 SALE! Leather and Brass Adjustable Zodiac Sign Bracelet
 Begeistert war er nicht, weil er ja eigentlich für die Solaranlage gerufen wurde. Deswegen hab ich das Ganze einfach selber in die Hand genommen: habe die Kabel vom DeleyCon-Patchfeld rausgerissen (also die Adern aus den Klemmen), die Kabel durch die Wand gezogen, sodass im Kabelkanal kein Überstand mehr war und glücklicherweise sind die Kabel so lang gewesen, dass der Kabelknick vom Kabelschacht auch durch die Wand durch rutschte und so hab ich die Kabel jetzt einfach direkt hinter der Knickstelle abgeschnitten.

====================

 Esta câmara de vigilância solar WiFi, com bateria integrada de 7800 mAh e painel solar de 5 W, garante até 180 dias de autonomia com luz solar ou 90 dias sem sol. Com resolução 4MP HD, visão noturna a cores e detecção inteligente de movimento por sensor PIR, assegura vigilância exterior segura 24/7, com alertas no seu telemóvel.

====================

### Problem to work on:
Copy out only the lines above from the one with "SALE! Leather and" to the one with "Begeistert war er", inclusive, exactly as they stand.

### Solution:
 SALE! Leather and Brass Adjustable Zodiac Sign Bracelet
 Begeistert war er nicht, weil er ja eigentlich für die Solaranlage gerufen wurde. Deswegen hab ich das Ganze einfach selber in die Hand genommen: habe die Kabel vom DeleyCon-Patchfeld rausgerissen (also die Adern aus den Klemmen), die Kabel durch die Wand gezogen, sodass im Kabelkanal kein Überstand mehr war und glücklicherweise sind die Kabel so lang gewesen, dass der Kabelknick vom Kabelschacht auch durch die Wand durch rutschte und so hab ich die Kabel jetzt einfach direkt hinter der Knickstelle abgeschnitten.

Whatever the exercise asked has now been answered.